Simply stated, a Web service offers a method(s) you can invoke, using open standards (including HTTP and XML) for communication. For those readers who are not up to speed on object-oriented programming, a method is just a function or procedure that is associated with an object. In other words, when a method is invoked, it simply executes an action of some kind.
The driving force behind Web services is to provide components that can communicate with each other regardless of the language they were written in or the operating system on which they run. Web services make their methods available for use or consumption by other programs. To consume a Web service, a program makes a request running over HTTP to use the methods available via HTTP GET and HTTP POST—or more commonly— Simple Object Access Protocol (SOAP). Given that this article is an introduction to Web services and performance, I refer to Microsoft’s .NET environment, primarily because .NET “insulates” the Web service developer from the coding details of SOAP—which is particularly comfortable for the newcomer.

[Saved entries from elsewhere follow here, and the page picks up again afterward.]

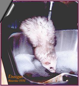 Finnigan spends a lot of his time following me aroundand begging to be picked up and snuggled. He seems to enjoy people more than the other ferrets.
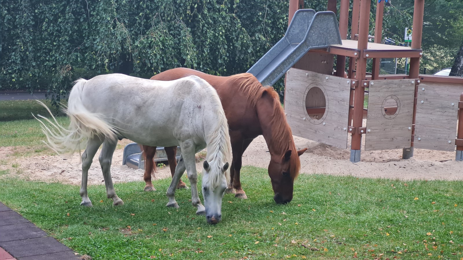 Donnerstag Morgen, 7 Uhr. Nichtsahnend geht Frau Nolte mit ihrer Schultasche vom Parkplatz zum Schulgebäude rüber und schaut dabei über den Schulhof ... da fällt ihr Blick auf die beiden Pferde, die friedlich neben dem Sandsegler grasen.
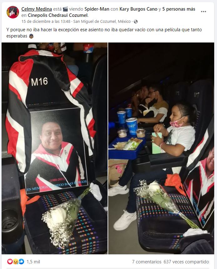 Medina compró una entrada demás para asistir a las salas de Cinépolis Chedraui Cozumel y de esta manera, realizar una especie de altar en honor a su esposo, el que era conocido por su fanatismo hacia las películas de este superhéroe.
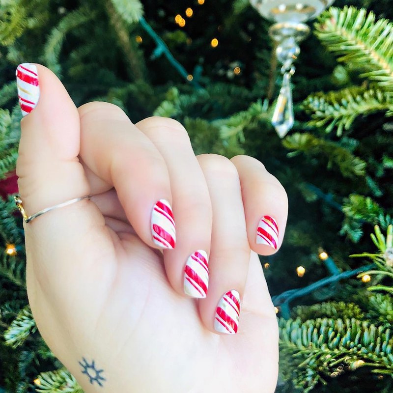 Популарни се и белите нокти со црвени пруги, кои неодоливо потсетуваат на шарените пеперминт бонбони, кои се синоним за новогодишните празници.
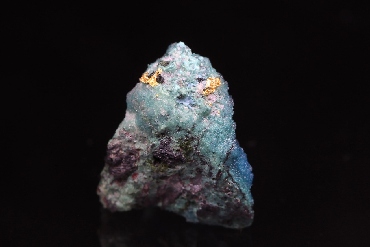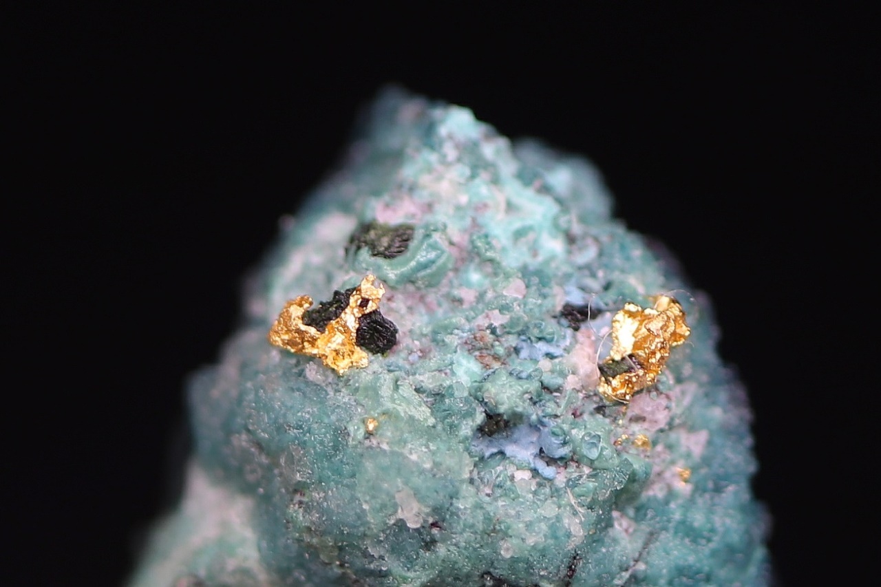Aggregates of pure gold up to 2 mm in size in quartz intergrown with secondary copper minerals.
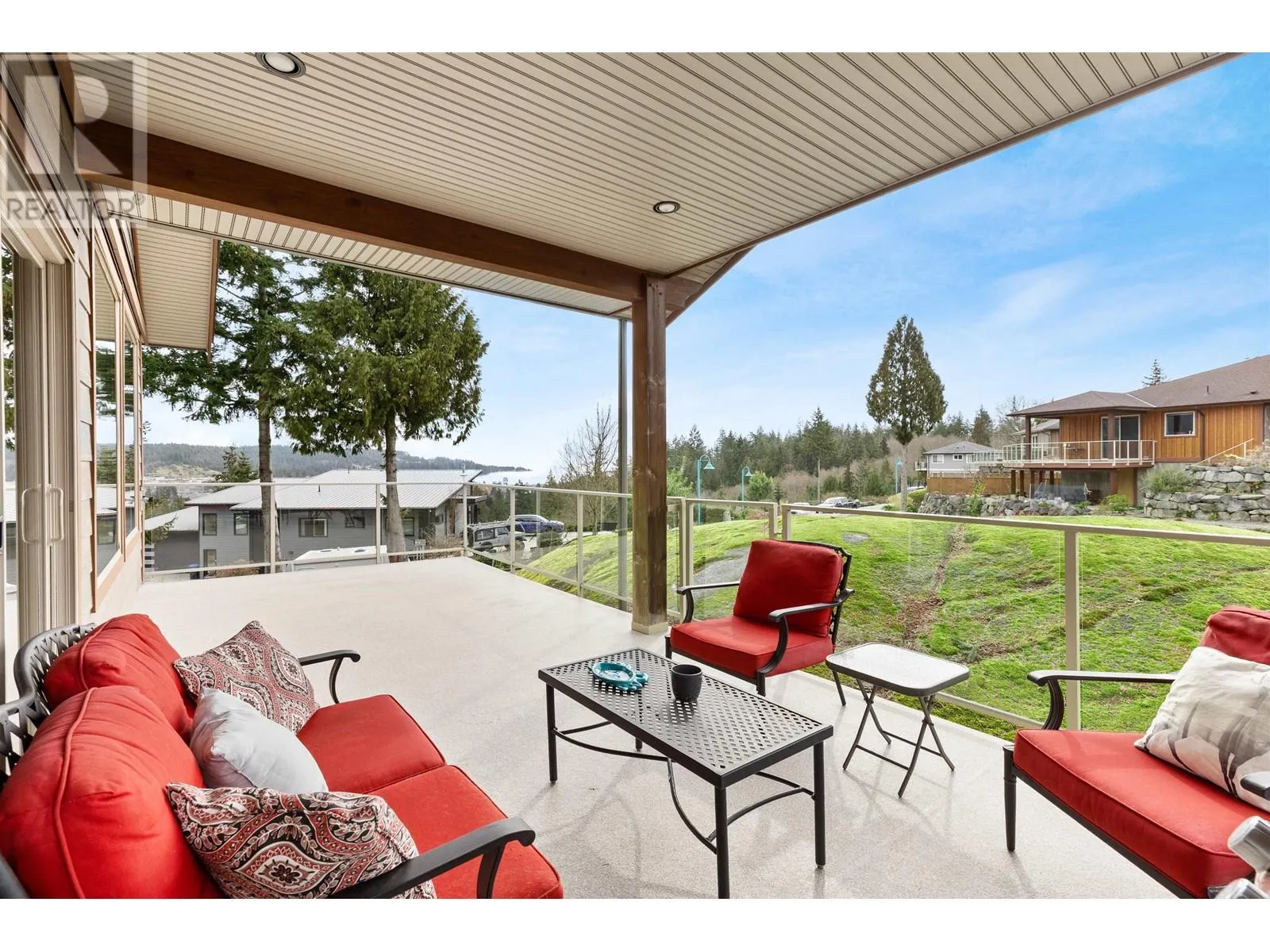 Custom built OCEAN VIEW home located in an exclusive area of quality homes and neighborhood, known as the "Ridge". Within walking distance of Sechelt Schools, Shopping, & Recreation Facilities, this 4 Bedroom & Den Home has 3 Full Bathrooms, plus a large downstairs Rec Room opening onto the low maintenance back yard. The spacious Primary bedroom has a walk-in closet, beautifully appointed ensute bath, & an Ocean View. The spacious open floor plan allows the South facing Ocean View to be with you constantly as you move about the living area. The real maple hardwood & stone tile exude a true feeling of warmth. The designer kitchen features a large multi-use quartz counter island & all appliances. There is a 12´ x 24´ South facing sundeck that is ½ covered for year around barbeques. The huge 28' x 28' garage & downstairs shop with additional 4' concrete shelf. From the high-end doors to the specialty tile treatments in the bathrooms you will love the custom features of this near new home. (id:27476)
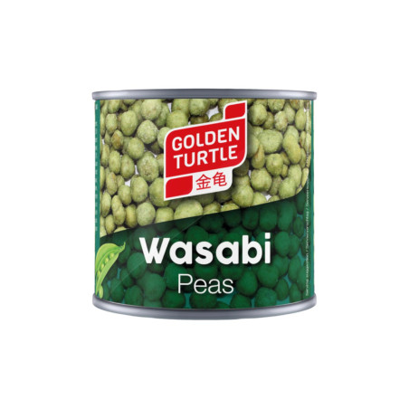 Il wasabi è conosciuto come una varietà piccante di rafano giapponese. Con i piselli wasabi di Golden Turtle nella lattina da 140 g, questo funge da rivestimento caldo e infuocato. Non appena questo rivestimento croccante si rompe in bocca, la nitidezza si combina con il sostanzioso sapore di pisello per creare uno spuntino delizioso. I piselli con un guscio di wasabi croccante di Golden Turtle non sono solo un successo ad ogni festa, ma anche molto pratici per un piccolo spuntino in viaggio.
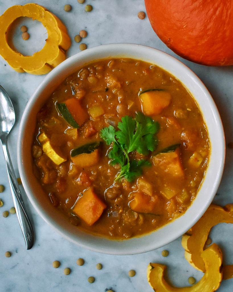 Esta sopa vegana de curry de lentejas y calabaza sin gluten es rica y sabrosa. Un plato único perfecto para los días fríos de otoño e invierno.
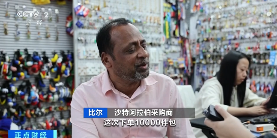 像比尔这样奔着世界杯商机来的采购商不在少数,约旦采购商萨布里和经营户讨价还价,马里采购商西拉也带着对足球的热爱细心挑选着产品。
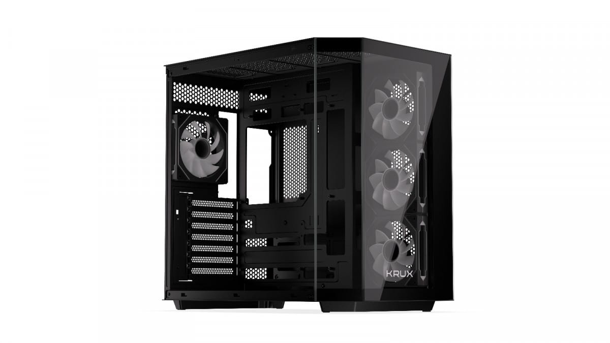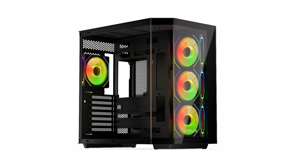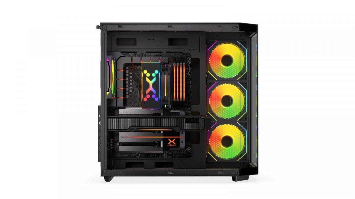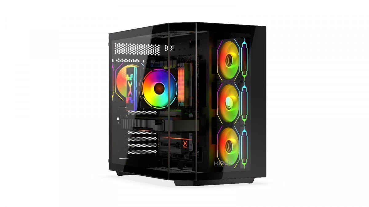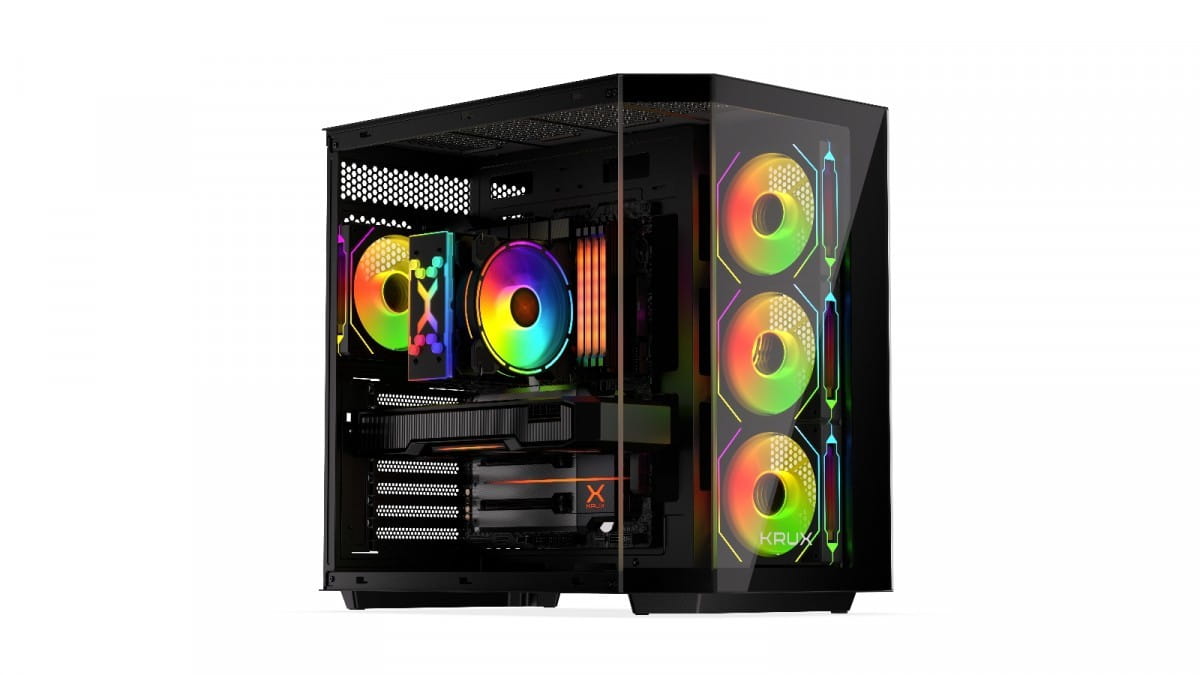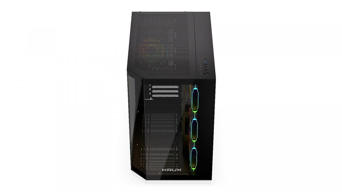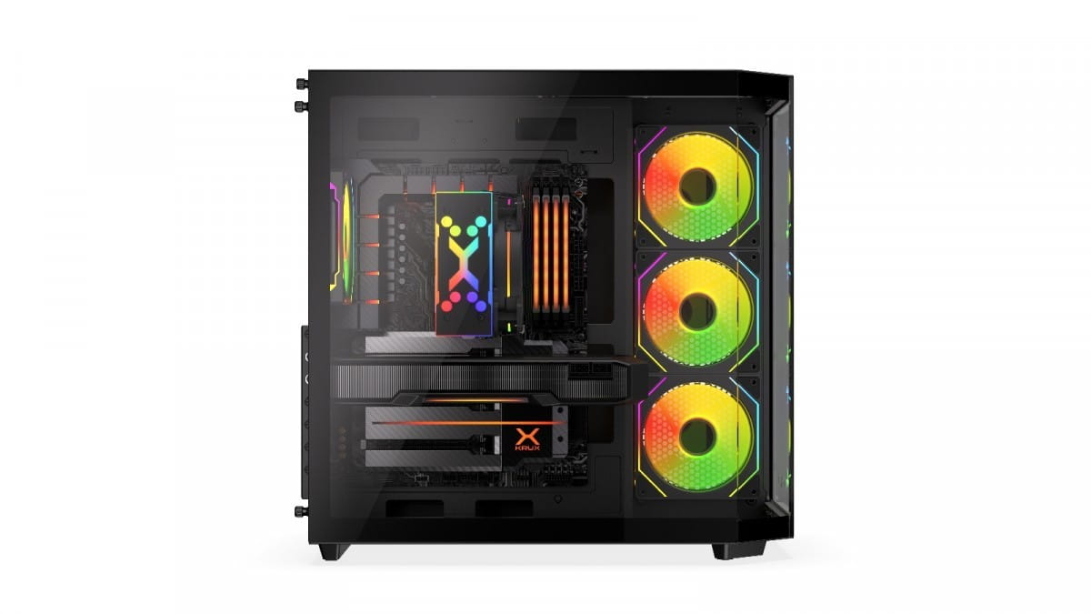 Zadbaliśmy o dobre chłodzenie wnętrza obudowy. W zestawie znajdują się cztery wentylatory Krux 120 mm ARGB PWM z efektownym podświetleniem i regulacją obrotów PWM. Dzięki nim podzespoły komputera będą utrzymywać optymalne temperatury pracy, a cała jednostka rozbłyśnie przykuwającymi wzrok efektami świetlnymi. Co więcej, dzięki łatwym w demontażu filtrom przeciwkurzowym wnętrze pozostanie wolne od zanieczyszczeń.

However, the SOAP “transaction” that .NET constructs is always available for viewing, as it is in other Web services development environments.
With respect to the universal discovery mechanism provided by Web services, .NET also automatically creates a Web Services Discovery Language (WSDL) document, which other applications (or users) can read to understand how to use the Web service. In addition to .NET hiding the SOAP coding details from the new Web services developer, .NET also insulates the developer from the details of creating the WSDL document; again, it is important to know that it exists in any case.
Web services also use universal description, discovery, and integration (UDDI). UDDI is a kind of Yellow Pages for Web services you can use to find a Web service or to ensure that your Web service can be found.
The SOAP standard is overseen by the World Wide Web Consortium (W3C) and is based on XML. The standard consists of three parts:
- An envelope that defines rules for describing a message and how to process it
- A set of encoding rules for instances of the application-defined data types
- A convention for representing remote procedure calls and responses.
If you think that hand coding a Web service following the SOAP standard sounds complex and fairly tedious, you’re right! Again, the .NET environment insulates the developer from those details. If you are interested in learning more about the SOAP specification, go to www.w3.org/TR/soap12-part0/.
WSDL is used to create documents that describe the methods supported by a Web service, the arguments that the methods accept, and what the Web service returns. The WSDL document tells the program (or the programmer) what’s needed to consume a Web service. The format of a WSDL document is an XML-schema—XML that specifies the format of an XML document. As I said before, the .NET development environment hides the details of building the WSDL document, but if you are interested in obtaining more information, go to www.w3.org/TR/wsdl12/.
With UDDI, we know what Web services are available for use. If you want others to use a Web service you’ve built, you would use UDDI to list your service so that others can find it. Similarly, you would use UDDI to find Web services to use in your own applications. A word of caution: In some discussions, UDDI can divert people from the real issues, such as the need for careful performance design when building a distributed application.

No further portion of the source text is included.